Heller (1997), bedensel teması (dokunma) bebeğin yaşam çizgisinde her bir temasın bebeğin ebeveynleri ile güçlü bir bağın oluştuğu, bebeği ebeveynlerine bağlayan sessiz bir dil olarak tanımlamaktadır. Bedensel temas insanlarda ilk gelişen sensör sistemidir (McGrath, 2004). Bebeğin bedensel temasın herhangi bir türüne cevap vermesinden sorumlu olan dokunsal (dokunma) sistemi kompleks bir yapı olup dört farklı sensör yeteneğine sahiptir. Ciltteki bu dört farklı sensör becerileri ise şunlardır; basınç (cildin herhangi bir obje ile temas etmesi), sıcaklık, ağrı ve kinestezi (hareket ve vücut pozisyon hissi) (Lutes vd., 2004). Bu duyusal özelliklerde ebeveynlerin dokunuşları bebek tarafından kayıt edilir. Dokunmanın bebeğin gelişiminde ve ebeveyn ile ilişkilerinde oluşturduğu etki, bazı araştırmacılar tarafından araştırılmıştır.

Weiss vd. (2000), annenin düşük kilo ile doğmuş olan bebeği ile bedensel temasının bağlanma güvenliğini nasıl etkilediğini bebekler bir yaşında iken incelemişlerdir.

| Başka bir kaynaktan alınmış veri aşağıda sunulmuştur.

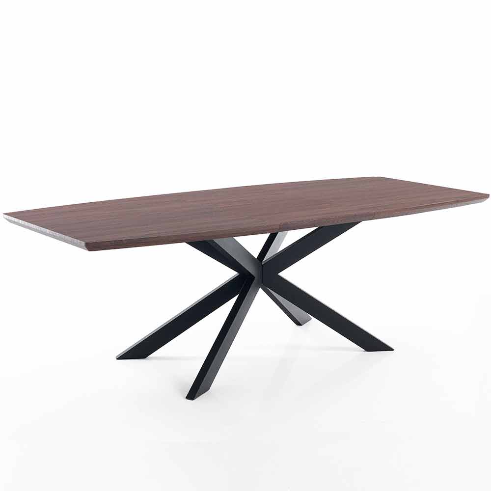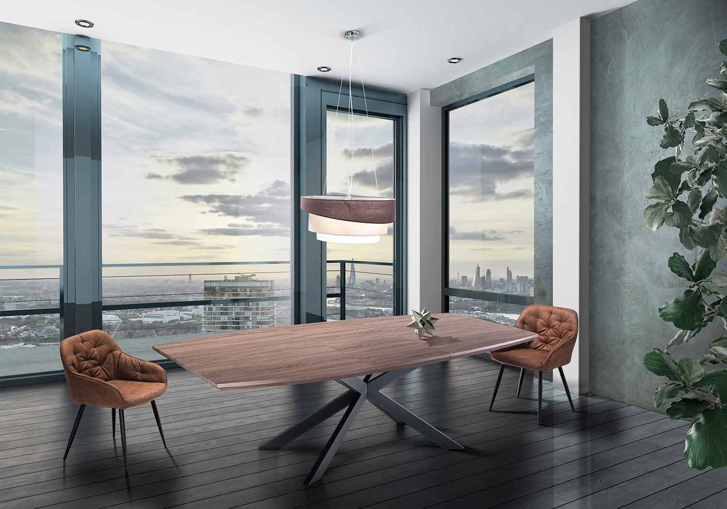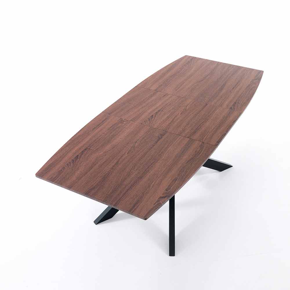 Torquato është një tryezë e shkëlqyer e ngrënies e zgjatur e realizuar me një top Mdf (trashësi 4cm) e mbuluar me letër arre të errët prej letre 3D dhe këmbë metalike me lustër të zezë.

Bu gözlemsel çalışmada bağlanmanın potansiyel değiştirici etkilerini belirlemek için anne duyarlılığı ve annenin bebeği ile bedensel temas derecesinin

23 geçmişinin yanı sıra bebeğin cinsiyeti ve biyolojik kırılganlığı analiz edilmiştir. Farklı sosyokültürel düzeydeki 131 örneklemin düşük kilo ile doğmuş olan bebekleri ve anneleri dört farklı aşamada değerlendirilmiştir. İlk aşamada yenidoğan döneminde bebek ve anne tıbbi komplikasyonlar açısından değerlendirilmiştir. Sonrasında bebek 3 aylıkken, bebek-anne çifti bir beslenme oturumu sırasında videoya kaydedildi ve annenin bedensel temas özellikleri, duyarlılığı ve bebeklerin tepkileri gözlemlendi. Üçüncü aşama bebek 6 aylıkken gerçekleştirildi ve bu aşamada anneye çocukluk dönemindeki bedensel temas deneyimini ve duygularını ortaya çıkarmaya yönelik bir anket uygulanmıştır. Son aşama ise bebek yaklaşık 1 yaşındayken, bağlanma Q-Seti tamamlandı. Sonuçlar bedensel teması beslemenin neticesinde güçlü bebeklerin annelerine bir yaşında iken güvenli bir şekilde bağlandıklarını göstermiştir. Ayrıca anneleri çocukluk dönemindeki bedensel temas deneyimleri esnasında daha rahat olan bebekler güvenli bağlanma geliştirme konusunda daha istekli olduğu belirlenmiştir. Bu bulgu araştırmacıların anne-bebek bağlanmasının kuşaklararası aktarımı ile ilgili önemli bir kanıt olmuştur. Anne duyarlılığı ve bebek cinsiyeti bağlanma sonuçlarını bu çalışmada etkilememesine rağmen Weiss vd. (2000), anne duyarlılığının rolünün bu ilişkide bebeğin artan etkileşimli bir partner olmasıyla gerçekten güçlenebileceğini belirtmişlerdir. Bununla birlikte bebek savunmasızlığının (doğum kilosu, doğum komplikasyonları) derecesinin bedensel teması beslemenin etkilerini kontrol ettiğini belirtmişlerdir. Bir başka ifade ile savunmasız bebeklerin almış oldukları bedensel temasın düzeyi ne olursa olsun daha düşük güvenli bağlanma oluşturma konusunda risk altında olduklarını belirtmişlerdir. Bu sonucun, bedensel temas uygulamaları ile ilgili olduğu için hem güçlü hem de daha savunmasız bebekler için önemli hemşirelik uygulamaları sonuçları bulunmaktadır. Bütün bu önceki ve son zamanlardaki kavramsallaştırmalar ve ampirik testler bedensel temasın çocuğun bağlanma gelişiminde ikna edici bir destek olduğunu göstermiştir.